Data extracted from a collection
┌──
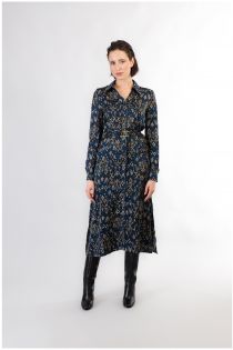 Shirt dress in printed viscose. the garment has long sleeves and side slits. front closure with visible buttons. its soft fit does not mark the silhouette. the waistline is outlined thanks to the fabric sash with cafènoir logo buckle.
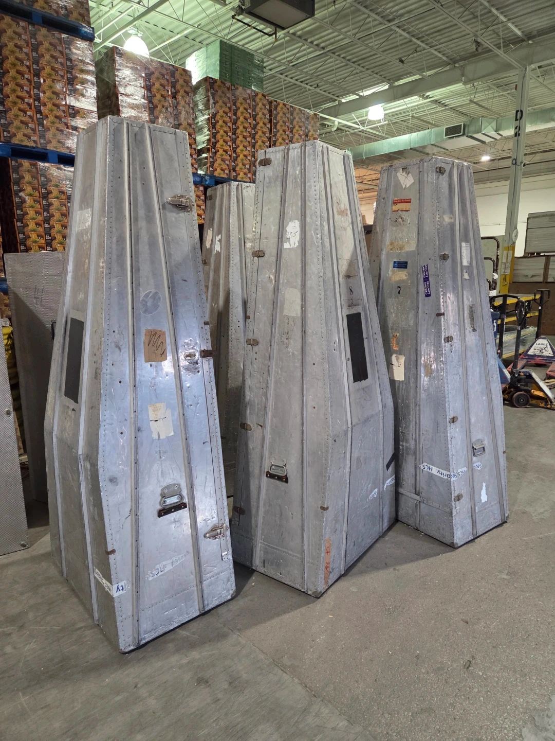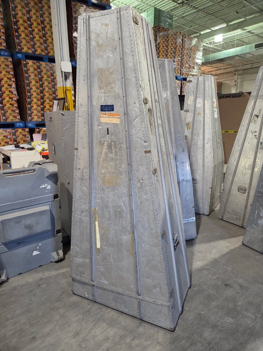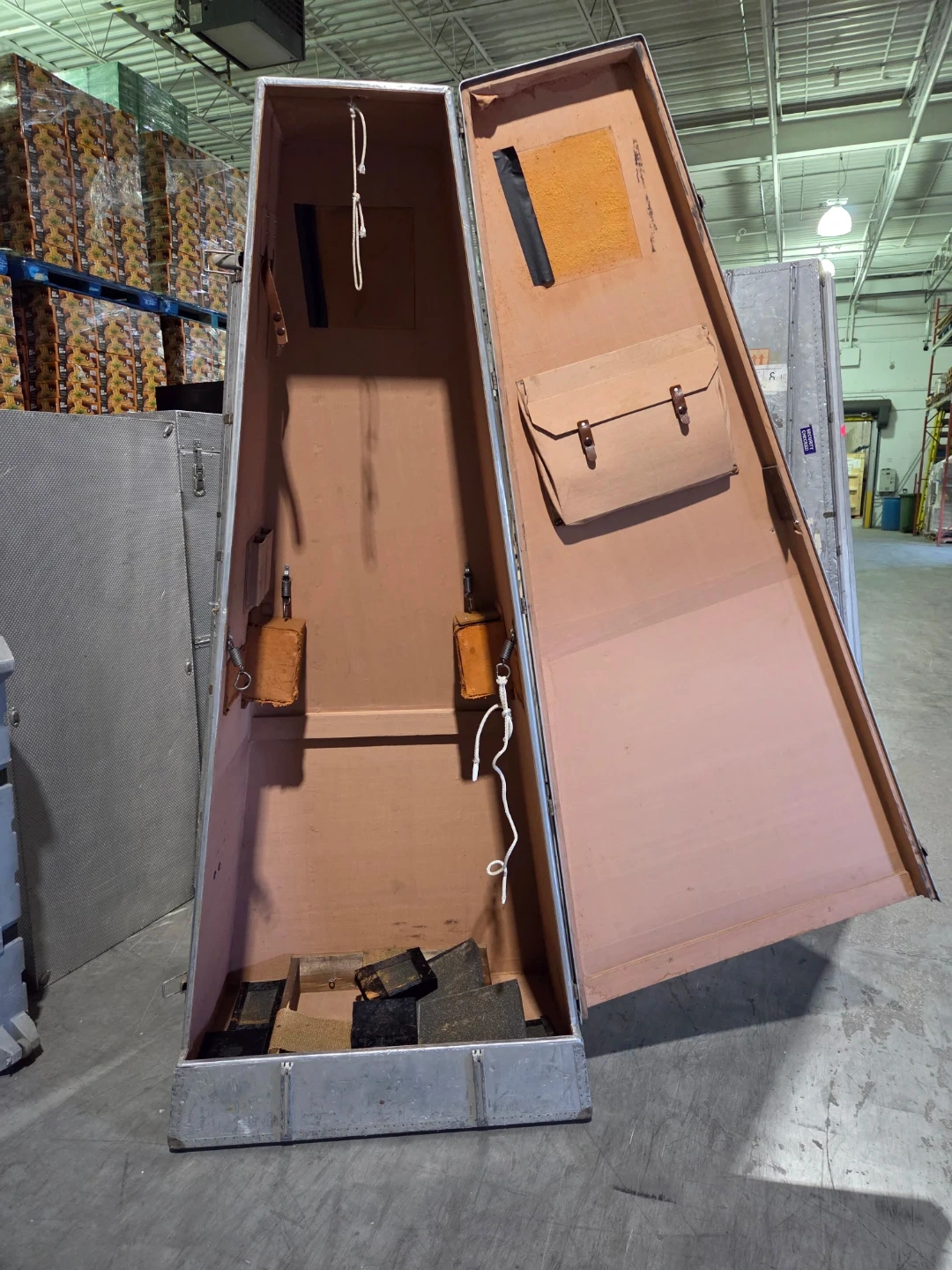 Odd square cone shape shipping crates. Asking $250 each, first come first choice. Upright bass case with a suspended area so the bass does not hit the bottom of the case. Very old, possibly from the 70s, maybe earlier, but still have life left in them for creative uses. You could use them to store large items upright or lay it down as more of a flat trunk. Up to you. Could be used as a halloween prop or heavy metal bands stage decor. 5 available.
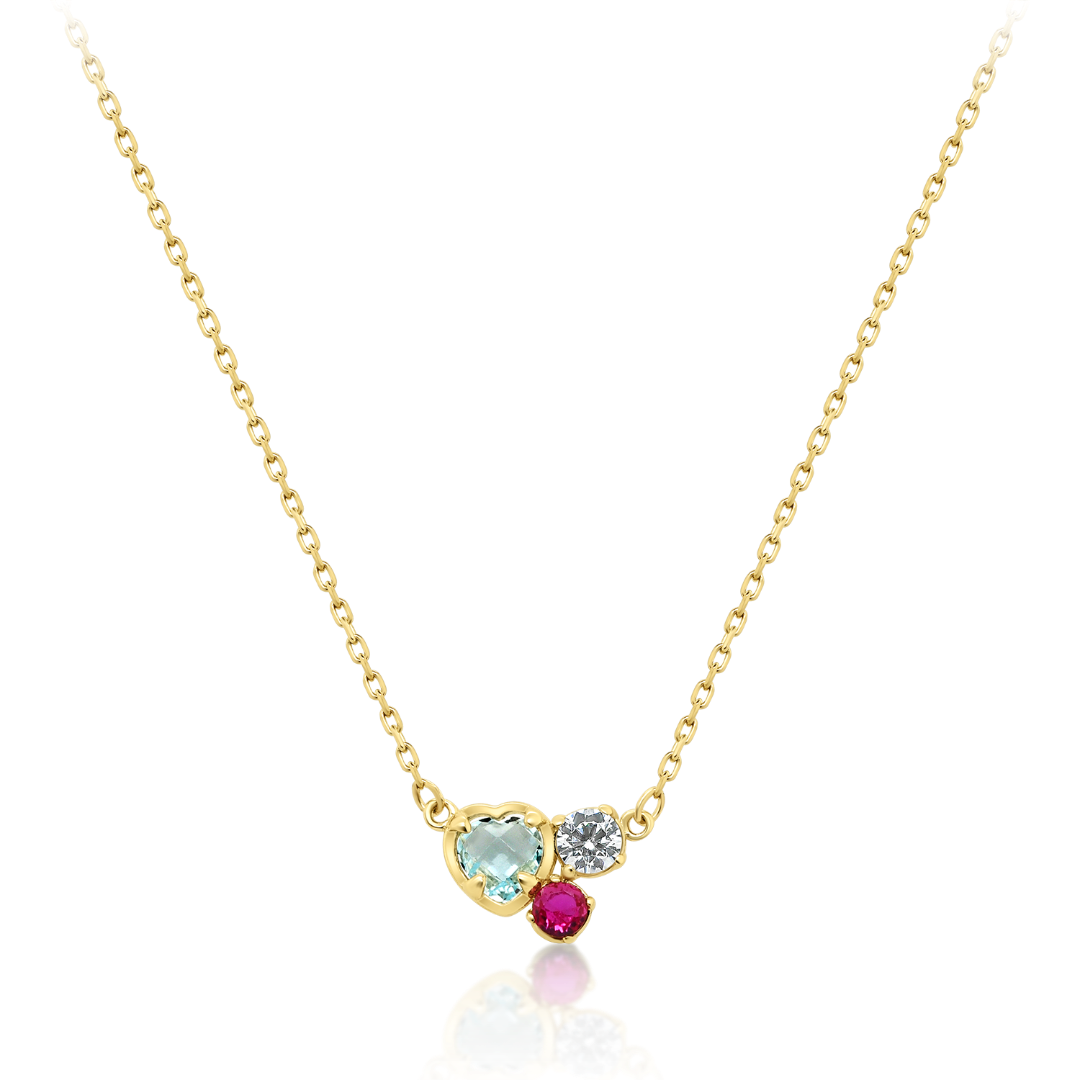 Lanț cu pandantiv din aur galben de 14K și pietre cubic zirconia colorate.
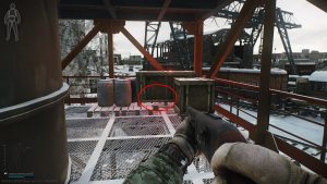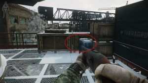 Go up to the third floor and go to the center of the scaffolding near the railing. You’ll see a broken box and this is where you’ll be stashing the DVL-10 Magazine. Again, use the boxes for cover when placing the objective.
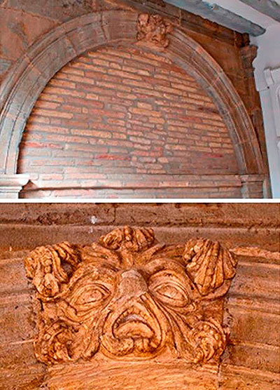 El arco recuperado en 2008 se muestra cegado mediante pared de ladrillo; y en ella se aprecia la marca de un antiguo óculo circular macizado y quizá también, la impronta de una ventana rectangular anterior (recordemos que los óculos se prodigaron en el edificio, con ocasión momento de la reforma debida a Ochandátegui de 1800 a 1805). La importancia del hallazgo estriba en el motivo plástico que exhibe la clave del arco como ornato: no otra cosa que la representación de un green man, tema bien conocido y de gran difusión en el tiempo, la geografía y las culturas; y que consiste en la representación de un rostro humano mediante el empleo combinado de elementos vegetales y anatómicos reales. La materia esculpida es una caliza de fácil labra, de tonalidad blanquecina, bien diferenciada en tono cromático de las dovelas grisáceas vecinas. Parece que la totalidad y cada uno de los arcos exteriores de la capilla dispuso de su correspondiente green man, esculpido en la respectiva clave. De hecho, hoy se aprecia el empleo de la misma piedra blanquecina para todas las dovelas centrales. Sin duda para el ideario arquitectónico de Ochandátegui resultó imprescindible depurar las arquerías de elementos anecdóticos de estirpe barroca, prescindiendo de máscaras sentidas como caricaturescas. Para ello se procedió a un raído de las claves mediante cincel, que permitió sin mayor complicación igualar su superficie con el decurso liso de las roscas. En la calle Mayor de Pamplona, entre 1709 y 1716 se terminaba la labra de la fachada del palacio de los marqueses de San Miguel de Aguayo, hasta hace poco conocido como colegio de Teresianas, edificio bien próximo a la Capilla de san Fermín, inaugurada en 1717. Precisamente en el dintel de esta portada palacial se aprecia la representación de un green man. La cercanía de ambas construcciones y su coincidencia temporal llevan a pensar que la repetición del mismo motivo plástico no es meramente casual.
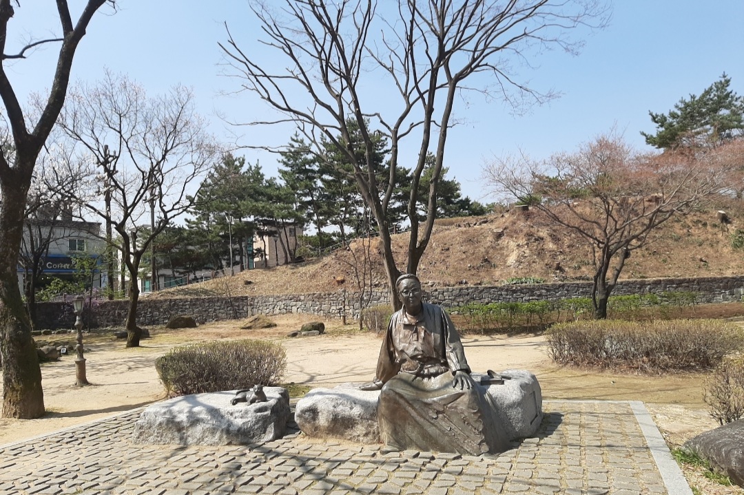 공원에 가면 호미 곁에 내려놓고 고양이와 쉬고 있는 선생님 동상을 물끄러미 바라보거나 곁에 살짝 앉아보거나 주위를 천천히 몇바퀴 돌기도 한다.
└──
TASK ITEM:
Type out the entries again without a single change, and leave the pictures out.

SOLUTION TO THIS EXERCISE:
 Shirt dress in printed viscose. the garment has long sleeves and side slits. front closure with visible buttons. its soft fit does not mark the silhouette. the waistline is outlined thanks to the fabric sash with cafènoir logo buckle.
 Odd square cone shape shipping crates. Asking $250 each, first come first choice. Upright bass case with a suspended area so the bass does not hit the bottom of the case. Very old, possibly from the 70s, maybe earlier, but still have life left in them for creative uses. You could use them to store large items upright or lay it down as more of a flat trunk. Up to you. Could be used as a halloween prop or heavy metal bands stage decor. 5 available.
 Lanț cu pandantiv din aur galben de 14K și pietre cubic zirconia colorate.
 Go up to the third floor and go to the center of the scaffolding near the railing. You’ll see a broken box and this is where you’ll be stashing the DVL-10 Magazine. Again, use the boxes for cover when placing the objective.
 El arco recuperado en 2008 se muestra cegado mediante pared de ladrillo; y en ella se aprecia la marca de un antiguo óculo circular macizado y quizá también, la impronta de una ventana rectangular anterior (recordemos que los óculos se prodigaron en el edificio, con ocasión momento de la reforma debida a Ochandátegui de 1800 a 1805). La importancia del hallazgo estriba en el motivo plástico que exhibe la clave del arco como ornato: no otra cosa que la representación de un green man, tema bien conocido y de gran difusión en el tiempo, la geografía y las culturas; y que consiste en la representación de un rostro humano mediante el empleo combinado de elementos vegetales y anatómicos reales. La materia esculpida es una caliza de fácil labra, de tonalidad blanquecina, bien diferenciada en tono cromático de las dovelas grisáceas vecinas. Parece que la totalidad y cada uno de los arcos exteriores de la capilla dispuso de su correspondiente green man, esculpido en la respectiva clave. De hecho, hoy se aprecia el empleo de la misma piedra blanquecina para todas las dovelas centrales. Sin duda para el ideario arquitectónico de Ochandátegui resultó imprescindible depurar las arquerías de elementos anecdóticos de estirpe barroca, prescindiendo de máscaras sentidas como caricaturescas. Para ello se procedió a un raído de las claves mediante cincel, que permitió sin mayor complicación igualar su superficie con el decurso liso de las roscas. En la calle Mayor de Pamplona, entre 1709 y 1716 se terminaba la labra de la fachada del palacio de los marqueses de San Miguel de Aguayo, hasta hace poco conocido como colegio de Teresianas, edificio bien próximo a la Capilla de san Fermín, inaugurada en 1717. Precisamente en el dintel de esta portada palacial se aprecia la representación de un green man. La cercanía de ambas construcciones y su coincidencia temporal llevan a pensar que la repetición del mismo motivo plástico no es meramente casual.
 공원에 가면 호미 곁에 내려놓고 고양이와 쉬고 있는 선생님 동상을 물끄러미 바라보거나 곁에 살짝 앉아보거나 주위를 천천히 몇바퀴 돌기도 한다.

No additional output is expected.